Optical fibre sensors have several advantages over other types of sensors. These benefits are primarily due to the optical fiber's properties, which include being small, lightweight, resistant to high temperatures and pressure, and electromagnetically passive, among others. Exploring the properties of light to obtain measurements of parameters such as temperature, strain, or angular velocity is how sensing is accomplished. Furthermore, optical fibre sensors can be used to create an Optical Fiber Sensing Network (OFSN), which allows manufacturers to create versatile monitoring solutions with a variety of applications, such as periodic monitoring over long distances (kilometres), in extreme or hazardous environments, inside structures and engines, in clothing, and for health monitoring and assistance.

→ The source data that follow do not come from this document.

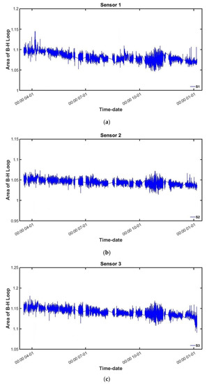 B–H loop area changes of sensors after temperature compensation: (a) Sensor 1; (b) Sensor 2; (c) Sensor 3.
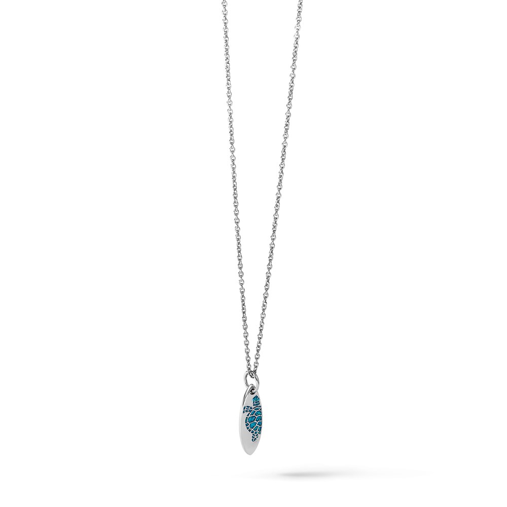 Sterling Silver Rhodium-plated Polished Blue Enamel Turtle Surfboard Pendant
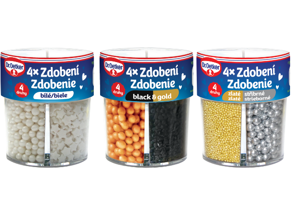te, aby vaše cukroví opravdu zazářilo, sáhněte po Zdobení 4 druhy black & gold Dr. Oetker. Kombinace zlatých a černých perliček, drobných kamínků a kuliček dodá každému kousku elegantní a slavnostní vzhled. Můžete si podle vlastní chuti a fantazie ozdobit linecké cukroví, perníčky i moderní cup cakes, a jednoduše tak vytvořit originální dezerty.
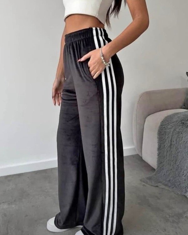 Pantalón de jogging tipo palazo con corte ancho/recto. Tiene elástico interno en cintura y bolsillos laterales. Líneas a los costados (no lleva marca). Camperita tipo buzo con cierre y capucha, bolsillos. Llega justo a la cintura o hasta que comienza el pantalón. Confeccionado en plush.
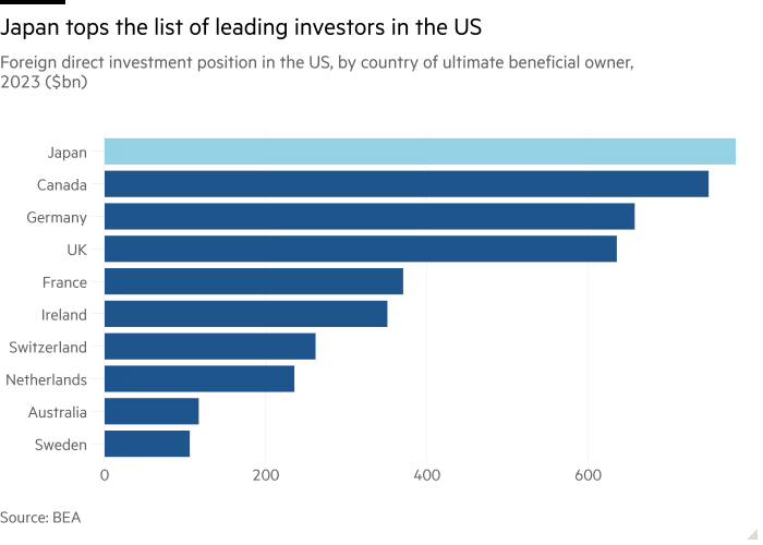 2023年,日本是美國最大的外國直接投資來源國 製圖:《金融時報》
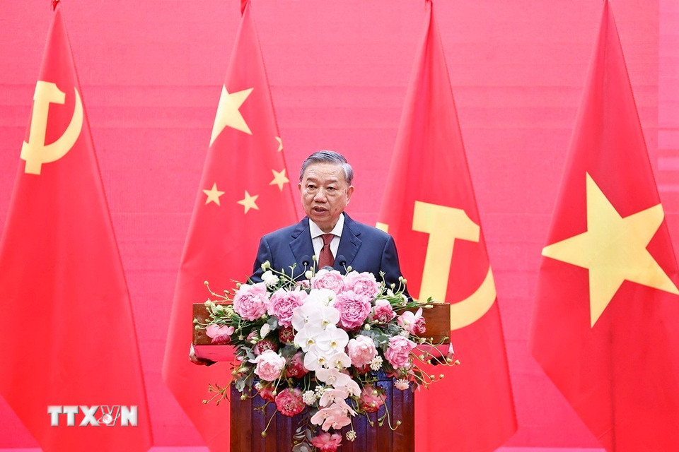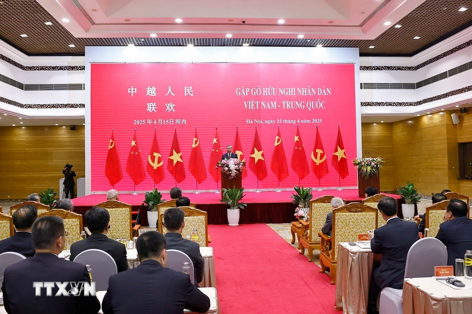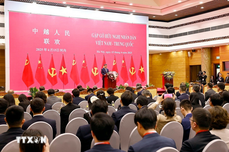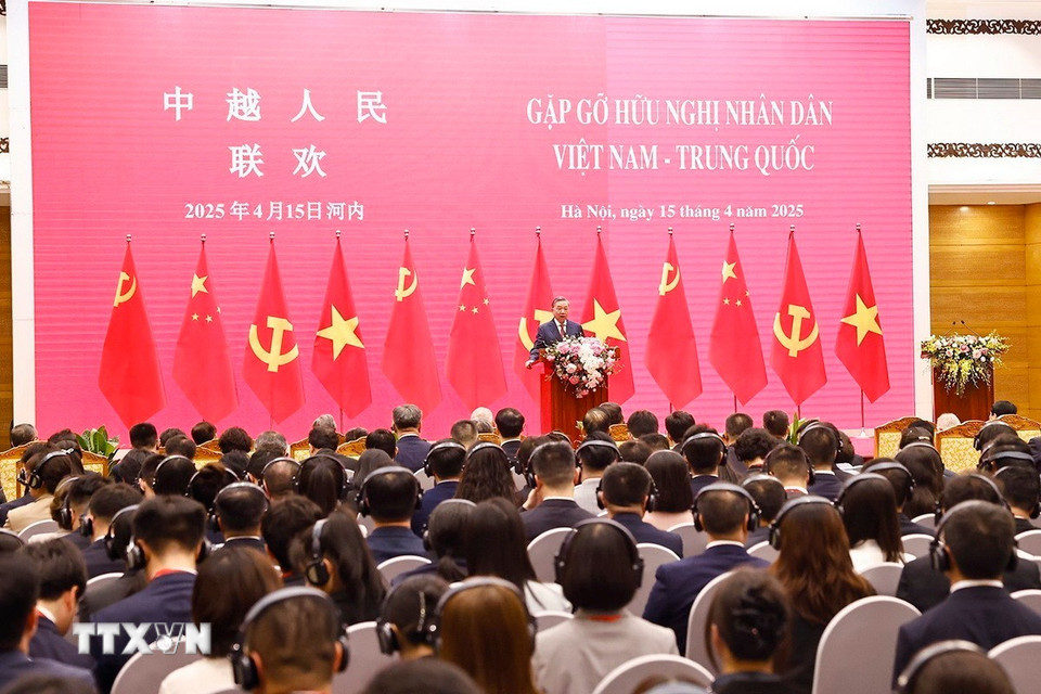 4月15日上午,在河内国际会议中心,党中央总书记苏林、国家主席梁强与中共中央总书记、中国国家主席习近平以及越中两党和国家高级领导人共同出席越中人民联欢暨青少年红色研学之旅启动仪式。
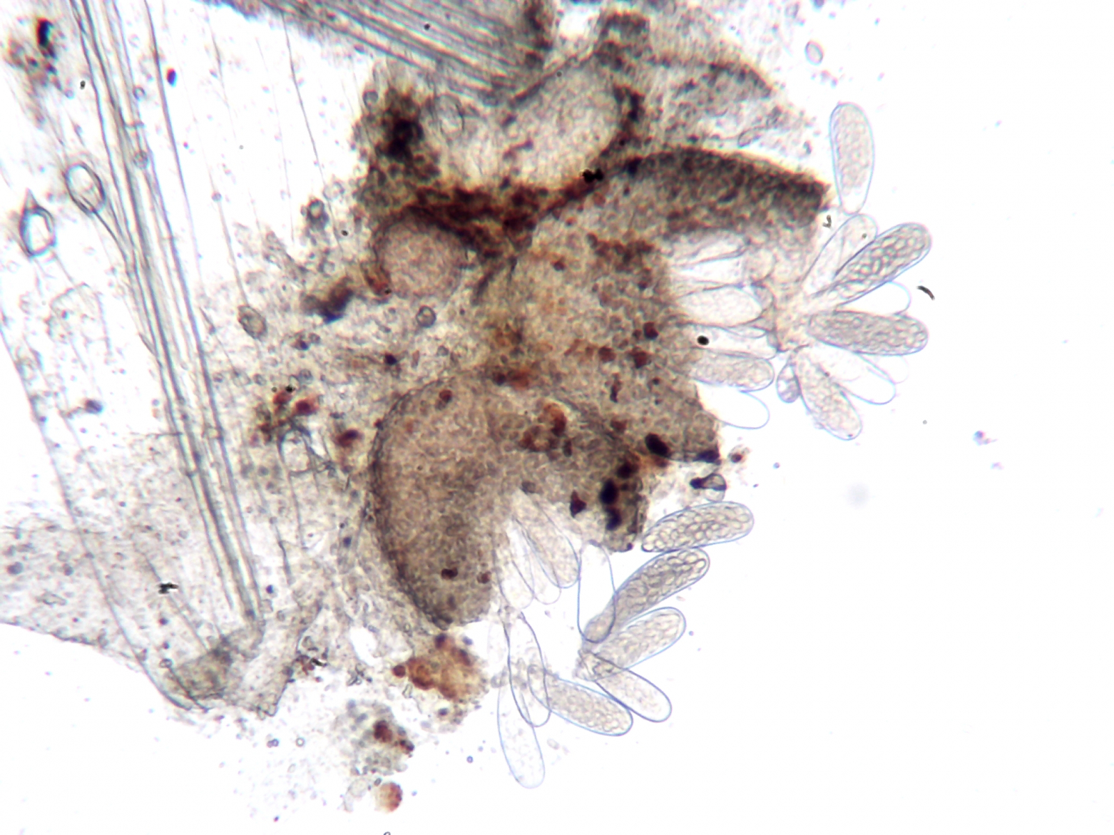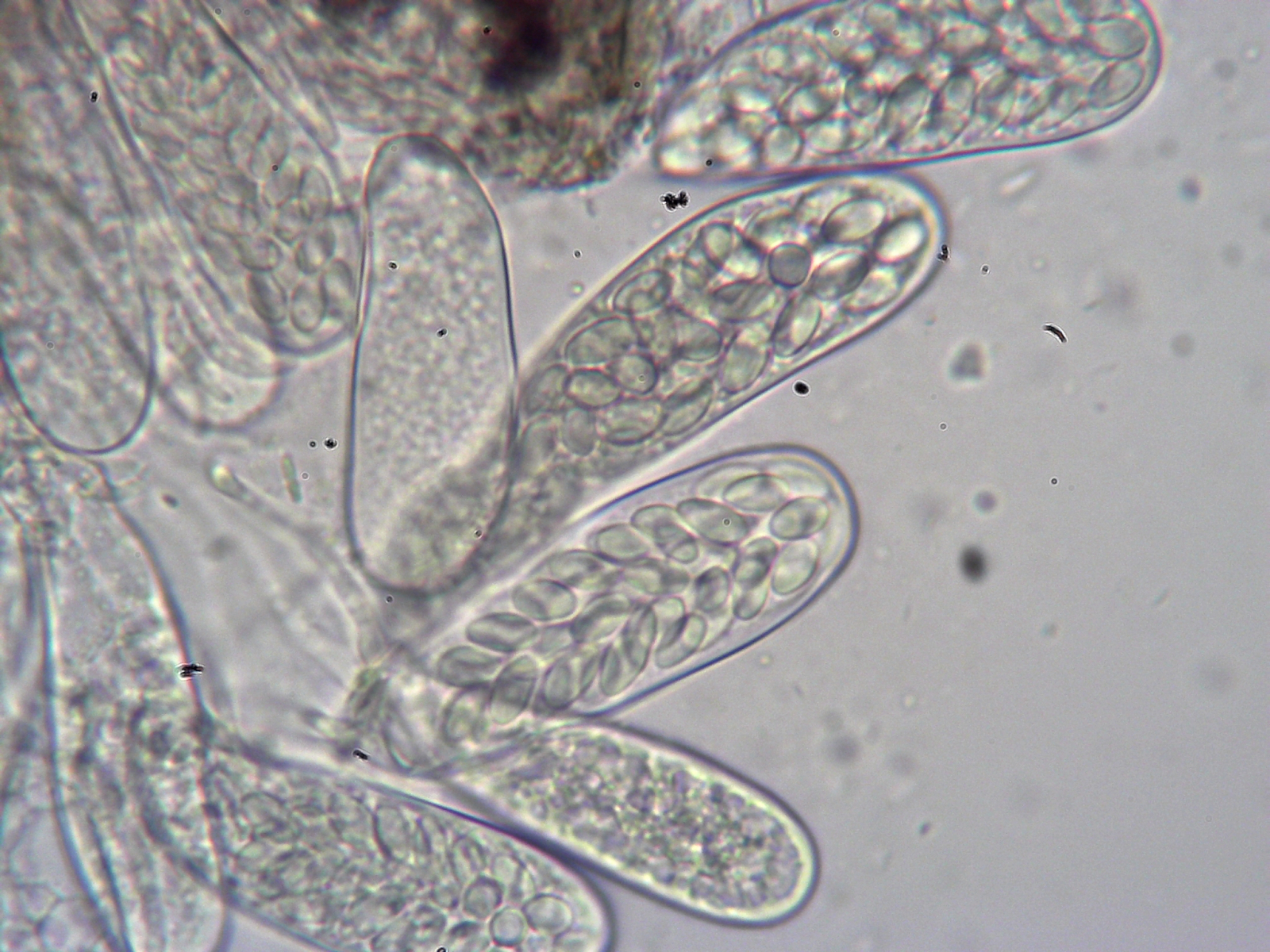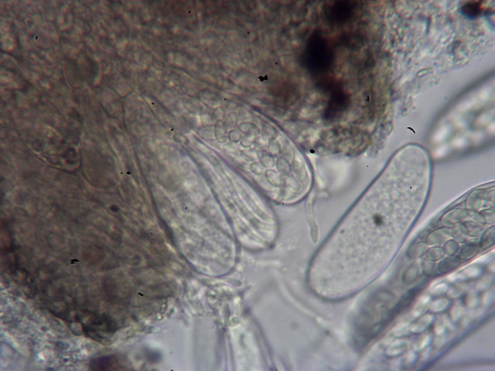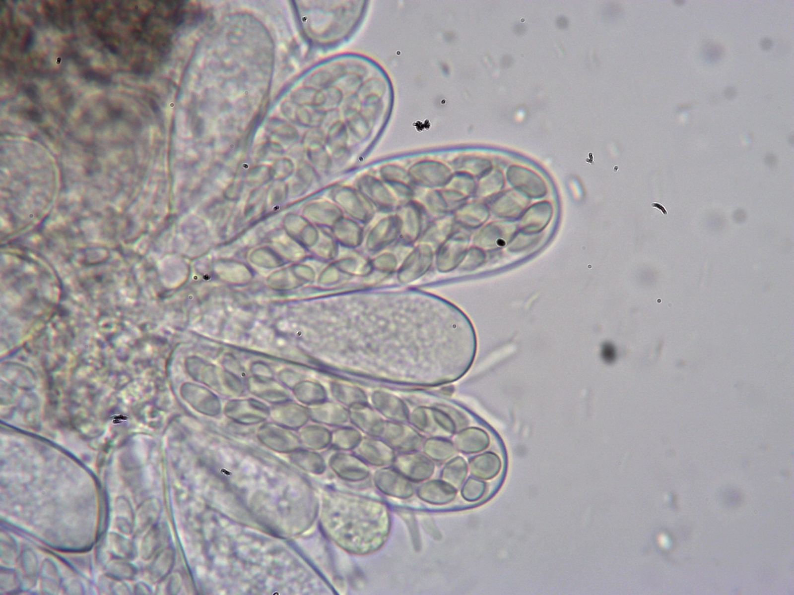 Merkmale: Anzahl der Asci pro Frk. z.T. > 10, Asci 60-80 x 20 µm, zwischen den Asci Paraphysen vorhanden, Sporen 7,5-9 x 4-4,5 µm.
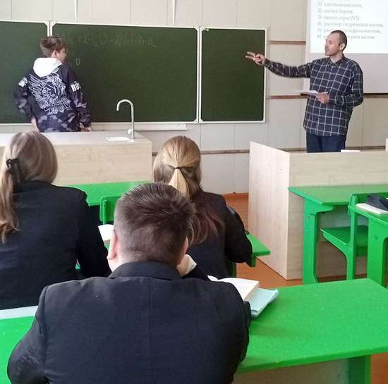 - Урок на тему: «Получение и химические свойства оснований» в 8 классе показал учитель химии МОУ Романовская СОШ им. И.В. Серещенко Тарасов Сергей Николаевич. Восьмиклассники работали с химическими уравнениями, таблицей группы веществ, самые активные ученики зарабатывали жетоны.
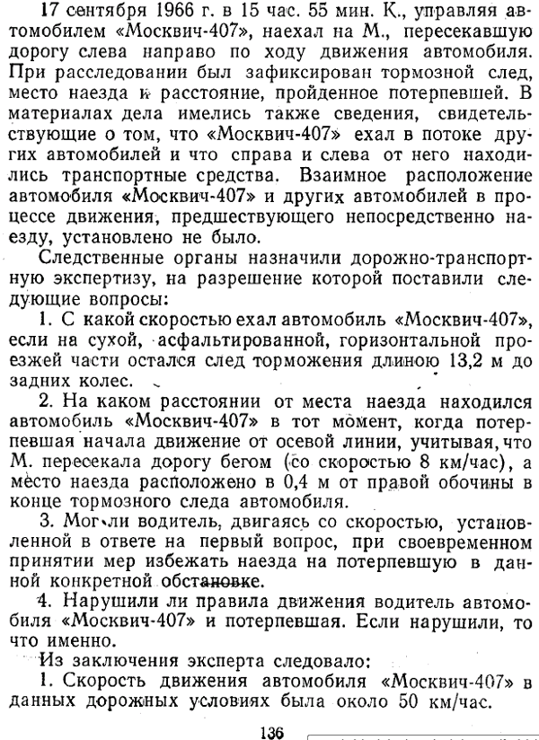 Если эксперт установил, что к моменту достижения автомобилем линии движения пешехода последний успевал выйти за пределы опасной зоны (даже когда водитель не принимал мер к снижению скорости) и, следовательно, не создавал помехи для движения автомобиля, следует сделать вывод об отсутствии причинной связи между действиями пешехода и возникновением происшествия. Причиной происшествия, с технической точки зрения, в данном случае явились действия водителя, который неоправданным маневром создал аварийную обстановку.
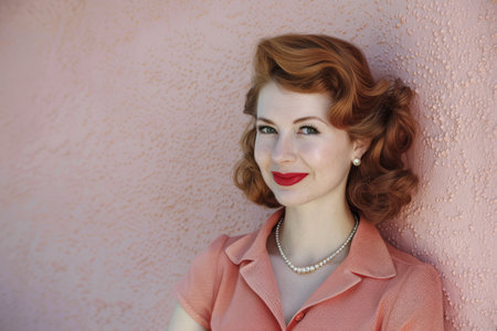 Portrait of a young woman from the 50s isolated from a copy space background
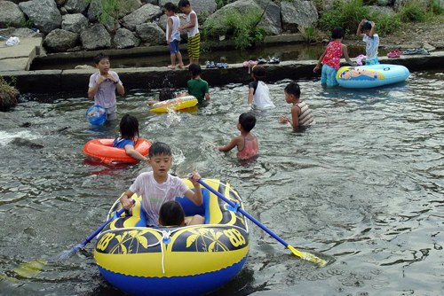 13일 무더위에 견디다 못한 어린이들이 학의천에서 물놀이를 즐기고 있다. 의왕시는 오는 2007년까지 학의천을 환경친화형 대표하천으로 조성하기로 했다.

The majority of the literature on this subject focuses on a specific field of optical sensing applications and details their operating principles. This paper provides a more comprehensive overview, including a literature review that describes the fundamental principles of optical sensing and highlights the versatility, benefits, and various real-world applications of optical sensing. Moreover, it includes an overview and discussion of a less common architecture, where optical sensing and Wireless Sensor Networks (WSNs) are integrated to harness the benefits of both worlds. The advancement of optical fibre technology was a significant step forward in global communications technology. The advent of low-attenuation optical fibres in the 1970s enabled high-bandwidth long-distance communications. Since then, production volume has increased, and by 2000, optical fibres had already been rapidly installed around the world [1-3]. The advancement of optical fibre technology also allowed for the development of devices for optical processing entirely in fibre, reducing insertion losses and improving processing quality. One factor that contributed to the full migration of optical fibre technology was the identification of photosensitive optical fibres.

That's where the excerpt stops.